First, there’s the insightful comment by Shelley Holloway, a global customer service analyst. “Guess what folks?” she says, ” The medical field is a Customer Service Industry! … When I or my employer pays for a service, I want excellent treatment/response just as I would for any product/service I might buy.”
I think Ms. Holloway is right on. The healthcare industry is a customer service industry. If you need proof, here are just two observations. According to a 2004 Harris poll, what patients valued most—even more than their doctors’ training and knowledge of new medical treatments—was their interpersonal skills: treating patients with respect, listening carefully, being easy to talk to, taking patients’ concerns seriously, spending enough time with them, and really caring. (1) And a Harvard study of 44,821 patients found that only 1 of every 5 malpractice suits arise from medical negligence. What drives the majority of law suits, is the way patients are treated. (2)
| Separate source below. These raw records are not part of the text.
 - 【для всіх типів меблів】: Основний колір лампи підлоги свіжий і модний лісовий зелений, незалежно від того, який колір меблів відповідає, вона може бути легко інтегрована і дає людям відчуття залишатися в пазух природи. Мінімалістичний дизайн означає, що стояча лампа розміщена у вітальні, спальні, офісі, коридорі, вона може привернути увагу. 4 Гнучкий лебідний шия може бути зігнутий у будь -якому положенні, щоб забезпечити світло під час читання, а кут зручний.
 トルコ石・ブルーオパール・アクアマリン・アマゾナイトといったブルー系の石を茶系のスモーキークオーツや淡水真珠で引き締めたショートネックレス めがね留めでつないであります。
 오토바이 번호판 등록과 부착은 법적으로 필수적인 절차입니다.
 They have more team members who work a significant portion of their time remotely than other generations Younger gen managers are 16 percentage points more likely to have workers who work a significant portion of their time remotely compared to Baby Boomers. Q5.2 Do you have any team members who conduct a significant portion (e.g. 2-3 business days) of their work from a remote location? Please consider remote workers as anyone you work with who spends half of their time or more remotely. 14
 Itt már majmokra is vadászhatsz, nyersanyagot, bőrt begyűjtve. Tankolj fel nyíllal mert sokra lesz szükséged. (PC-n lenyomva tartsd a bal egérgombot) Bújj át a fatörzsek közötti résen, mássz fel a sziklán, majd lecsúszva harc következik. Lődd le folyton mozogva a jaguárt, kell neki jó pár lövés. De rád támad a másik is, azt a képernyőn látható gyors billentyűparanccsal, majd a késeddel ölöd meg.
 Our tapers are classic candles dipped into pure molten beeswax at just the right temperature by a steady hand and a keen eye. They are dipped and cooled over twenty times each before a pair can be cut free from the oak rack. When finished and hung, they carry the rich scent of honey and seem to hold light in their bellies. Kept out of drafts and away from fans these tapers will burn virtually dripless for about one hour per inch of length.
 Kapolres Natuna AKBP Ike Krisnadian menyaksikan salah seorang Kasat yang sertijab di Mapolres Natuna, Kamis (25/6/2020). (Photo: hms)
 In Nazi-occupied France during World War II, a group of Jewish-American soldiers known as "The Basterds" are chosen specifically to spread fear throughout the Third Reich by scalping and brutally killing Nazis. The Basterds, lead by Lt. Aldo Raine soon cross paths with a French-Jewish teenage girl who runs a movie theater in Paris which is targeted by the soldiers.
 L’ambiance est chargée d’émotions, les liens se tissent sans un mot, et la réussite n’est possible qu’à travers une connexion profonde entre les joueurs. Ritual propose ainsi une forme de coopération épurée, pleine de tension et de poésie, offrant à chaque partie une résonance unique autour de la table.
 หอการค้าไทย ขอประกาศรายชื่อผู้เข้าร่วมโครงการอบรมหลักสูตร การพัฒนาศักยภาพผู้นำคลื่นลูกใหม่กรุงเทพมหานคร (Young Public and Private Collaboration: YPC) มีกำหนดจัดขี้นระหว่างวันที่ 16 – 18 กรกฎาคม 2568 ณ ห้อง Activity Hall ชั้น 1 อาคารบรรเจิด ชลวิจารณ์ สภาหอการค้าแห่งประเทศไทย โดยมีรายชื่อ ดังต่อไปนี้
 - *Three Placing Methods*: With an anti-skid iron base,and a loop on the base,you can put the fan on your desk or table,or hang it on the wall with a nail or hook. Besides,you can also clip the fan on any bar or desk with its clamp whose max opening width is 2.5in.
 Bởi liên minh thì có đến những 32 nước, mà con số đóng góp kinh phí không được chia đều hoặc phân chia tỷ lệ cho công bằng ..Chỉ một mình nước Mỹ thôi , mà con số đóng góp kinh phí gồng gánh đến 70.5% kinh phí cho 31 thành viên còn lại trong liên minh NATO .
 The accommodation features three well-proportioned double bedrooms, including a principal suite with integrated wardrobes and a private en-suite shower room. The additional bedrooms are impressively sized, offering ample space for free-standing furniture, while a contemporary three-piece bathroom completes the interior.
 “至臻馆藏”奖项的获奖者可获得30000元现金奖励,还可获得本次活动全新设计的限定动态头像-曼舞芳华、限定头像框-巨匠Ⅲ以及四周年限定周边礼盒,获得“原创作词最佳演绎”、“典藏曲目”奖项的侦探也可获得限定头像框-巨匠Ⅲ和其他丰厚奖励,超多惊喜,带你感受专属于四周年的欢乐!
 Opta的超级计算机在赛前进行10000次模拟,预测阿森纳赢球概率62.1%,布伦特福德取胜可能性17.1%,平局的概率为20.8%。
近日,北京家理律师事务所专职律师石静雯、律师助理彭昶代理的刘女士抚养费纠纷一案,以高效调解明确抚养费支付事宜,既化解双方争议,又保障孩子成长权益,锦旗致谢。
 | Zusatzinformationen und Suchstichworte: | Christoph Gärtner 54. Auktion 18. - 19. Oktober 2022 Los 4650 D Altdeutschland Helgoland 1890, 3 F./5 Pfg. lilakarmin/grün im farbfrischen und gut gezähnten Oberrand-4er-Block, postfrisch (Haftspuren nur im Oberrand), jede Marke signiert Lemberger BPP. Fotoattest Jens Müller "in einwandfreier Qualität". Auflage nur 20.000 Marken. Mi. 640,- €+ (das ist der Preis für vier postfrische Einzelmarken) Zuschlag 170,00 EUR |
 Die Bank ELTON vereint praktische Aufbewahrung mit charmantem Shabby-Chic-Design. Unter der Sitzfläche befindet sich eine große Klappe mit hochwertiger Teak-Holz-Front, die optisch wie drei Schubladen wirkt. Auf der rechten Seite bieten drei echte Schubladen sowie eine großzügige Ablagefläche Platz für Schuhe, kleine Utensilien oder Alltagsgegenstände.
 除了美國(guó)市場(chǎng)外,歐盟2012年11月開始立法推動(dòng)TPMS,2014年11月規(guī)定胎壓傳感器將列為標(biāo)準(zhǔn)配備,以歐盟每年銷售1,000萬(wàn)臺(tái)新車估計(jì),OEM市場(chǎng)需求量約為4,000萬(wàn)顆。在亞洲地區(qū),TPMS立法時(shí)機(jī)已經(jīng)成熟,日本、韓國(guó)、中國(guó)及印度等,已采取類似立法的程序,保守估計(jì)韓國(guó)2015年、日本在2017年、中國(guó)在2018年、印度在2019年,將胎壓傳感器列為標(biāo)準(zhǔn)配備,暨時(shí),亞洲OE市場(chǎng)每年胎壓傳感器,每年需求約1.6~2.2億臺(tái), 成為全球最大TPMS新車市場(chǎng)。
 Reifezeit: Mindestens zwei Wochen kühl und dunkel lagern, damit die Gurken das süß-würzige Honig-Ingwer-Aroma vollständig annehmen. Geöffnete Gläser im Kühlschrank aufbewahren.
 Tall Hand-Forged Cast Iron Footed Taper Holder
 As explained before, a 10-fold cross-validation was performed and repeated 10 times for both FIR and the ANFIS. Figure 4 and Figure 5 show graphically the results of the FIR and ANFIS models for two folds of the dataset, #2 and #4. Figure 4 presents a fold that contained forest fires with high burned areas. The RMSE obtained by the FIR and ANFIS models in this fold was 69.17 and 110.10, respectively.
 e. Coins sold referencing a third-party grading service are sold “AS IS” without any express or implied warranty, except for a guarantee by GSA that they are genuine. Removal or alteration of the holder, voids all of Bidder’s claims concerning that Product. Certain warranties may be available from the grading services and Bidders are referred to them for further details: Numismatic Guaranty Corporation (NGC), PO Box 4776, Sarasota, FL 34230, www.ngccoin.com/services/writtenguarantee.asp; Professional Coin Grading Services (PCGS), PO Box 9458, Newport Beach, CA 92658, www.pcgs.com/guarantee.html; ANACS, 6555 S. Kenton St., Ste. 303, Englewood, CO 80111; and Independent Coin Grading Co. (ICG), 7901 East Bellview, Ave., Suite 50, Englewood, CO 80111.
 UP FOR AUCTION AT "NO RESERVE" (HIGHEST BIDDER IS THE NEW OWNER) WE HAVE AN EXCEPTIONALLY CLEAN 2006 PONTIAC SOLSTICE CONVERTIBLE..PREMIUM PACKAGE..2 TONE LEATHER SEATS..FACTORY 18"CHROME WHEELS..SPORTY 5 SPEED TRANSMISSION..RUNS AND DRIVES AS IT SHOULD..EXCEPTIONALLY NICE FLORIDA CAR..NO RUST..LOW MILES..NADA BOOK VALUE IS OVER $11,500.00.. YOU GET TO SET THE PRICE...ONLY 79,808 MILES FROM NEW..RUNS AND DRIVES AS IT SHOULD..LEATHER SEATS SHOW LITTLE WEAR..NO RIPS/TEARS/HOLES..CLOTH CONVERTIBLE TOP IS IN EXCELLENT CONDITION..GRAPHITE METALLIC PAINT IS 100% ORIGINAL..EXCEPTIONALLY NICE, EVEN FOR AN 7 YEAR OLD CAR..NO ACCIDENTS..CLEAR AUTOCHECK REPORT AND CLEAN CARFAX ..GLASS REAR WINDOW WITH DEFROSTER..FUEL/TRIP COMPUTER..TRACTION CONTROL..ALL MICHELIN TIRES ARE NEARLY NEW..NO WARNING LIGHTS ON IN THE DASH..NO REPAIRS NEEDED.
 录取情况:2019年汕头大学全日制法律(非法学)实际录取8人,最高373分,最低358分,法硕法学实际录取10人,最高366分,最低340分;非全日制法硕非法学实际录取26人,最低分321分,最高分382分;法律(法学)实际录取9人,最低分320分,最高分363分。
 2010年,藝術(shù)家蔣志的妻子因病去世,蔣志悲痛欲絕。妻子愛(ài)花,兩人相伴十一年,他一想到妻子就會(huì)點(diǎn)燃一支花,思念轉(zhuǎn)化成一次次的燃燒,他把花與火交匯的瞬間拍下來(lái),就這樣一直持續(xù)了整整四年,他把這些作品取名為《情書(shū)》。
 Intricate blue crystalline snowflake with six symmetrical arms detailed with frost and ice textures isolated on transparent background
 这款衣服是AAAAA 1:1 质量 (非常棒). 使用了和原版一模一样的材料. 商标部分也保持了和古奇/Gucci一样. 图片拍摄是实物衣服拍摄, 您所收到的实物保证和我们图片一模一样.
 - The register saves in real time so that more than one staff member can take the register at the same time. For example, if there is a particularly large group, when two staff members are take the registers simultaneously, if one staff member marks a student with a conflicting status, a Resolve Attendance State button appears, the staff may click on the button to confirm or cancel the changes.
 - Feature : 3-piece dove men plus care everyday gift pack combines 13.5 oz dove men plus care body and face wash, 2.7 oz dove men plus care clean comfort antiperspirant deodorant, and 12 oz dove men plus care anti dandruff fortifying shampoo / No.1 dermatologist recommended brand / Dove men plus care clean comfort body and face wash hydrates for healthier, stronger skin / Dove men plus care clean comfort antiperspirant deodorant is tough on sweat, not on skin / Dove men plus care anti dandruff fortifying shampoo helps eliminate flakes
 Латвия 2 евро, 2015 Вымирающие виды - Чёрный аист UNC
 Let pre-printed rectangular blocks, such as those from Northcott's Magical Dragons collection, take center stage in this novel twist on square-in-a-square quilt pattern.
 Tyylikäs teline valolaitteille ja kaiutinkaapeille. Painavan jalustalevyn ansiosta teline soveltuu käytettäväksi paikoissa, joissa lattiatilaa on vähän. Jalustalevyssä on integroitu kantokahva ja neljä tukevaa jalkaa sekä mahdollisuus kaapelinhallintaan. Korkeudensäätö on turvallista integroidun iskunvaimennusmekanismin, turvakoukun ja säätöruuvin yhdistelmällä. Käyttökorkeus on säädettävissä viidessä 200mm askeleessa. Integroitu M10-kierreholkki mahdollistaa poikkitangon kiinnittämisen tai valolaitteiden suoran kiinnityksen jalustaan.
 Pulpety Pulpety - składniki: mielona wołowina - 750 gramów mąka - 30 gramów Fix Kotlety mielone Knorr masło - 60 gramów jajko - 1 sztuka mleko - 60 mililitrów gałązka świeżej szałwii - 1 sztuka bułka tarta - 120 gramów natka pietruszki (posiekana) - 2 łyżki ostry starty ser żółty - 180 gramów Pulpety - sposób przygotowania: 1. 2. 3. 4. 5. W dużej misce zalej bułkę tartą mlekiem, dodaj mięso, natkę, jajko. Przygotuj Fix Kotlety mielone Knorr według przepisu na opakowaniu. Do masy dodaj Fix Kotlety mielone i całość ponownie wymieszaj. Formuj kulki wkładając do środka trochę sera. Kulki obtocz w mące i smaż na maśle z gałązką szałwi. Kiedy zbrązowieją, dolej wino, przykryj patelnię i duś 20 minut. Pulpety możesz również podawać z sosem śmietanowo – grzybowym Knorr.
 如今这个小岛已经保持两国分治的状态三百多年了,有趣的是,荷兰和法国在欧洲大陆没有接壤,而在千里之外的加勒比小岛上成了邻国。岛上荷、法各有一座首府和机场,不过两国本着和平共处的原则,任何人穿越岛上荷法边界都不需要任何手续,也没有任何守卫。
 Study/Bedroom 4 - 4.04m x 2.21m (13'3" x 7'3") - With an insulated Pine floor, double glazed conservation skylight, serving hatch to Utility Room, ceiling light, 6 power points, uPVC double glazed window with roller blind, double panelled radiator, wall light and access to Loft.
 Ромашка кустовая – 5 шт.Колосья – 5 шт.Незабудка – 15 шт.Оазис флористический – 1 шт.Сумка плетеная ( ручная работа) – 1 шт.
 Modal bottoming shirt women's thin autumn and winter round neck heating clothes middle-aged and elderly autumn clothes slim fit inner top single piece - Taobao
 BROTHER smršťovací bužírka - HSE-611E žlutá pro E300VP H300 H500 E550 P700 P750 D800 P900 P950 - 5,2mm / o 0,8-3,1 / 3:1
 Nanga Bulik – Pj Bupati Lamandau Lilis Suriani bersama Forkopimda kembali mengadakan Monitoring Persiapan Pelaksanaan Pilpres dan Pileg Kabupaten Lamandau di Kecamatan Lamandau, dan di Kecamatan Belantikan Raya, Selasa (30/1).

Yet as important as customer service is in healthcare, medical schools still don’t train staff in service skills. Health systems spend millions on measuring patient satisfaction and then struggle, by and large, with what to do with low scores. Here’s Mary Malone, Executive Director of Consulting Services for Press Ganey, one of the two largest patient satisfaction measurement firms in the industry. “There is a big difference between paying “lip service” to service in a meeting and doing the hard work that’s needed to implement organizational and behavioral change. And I’m still astonished by how many health care professionals fail to make this connection.”(3)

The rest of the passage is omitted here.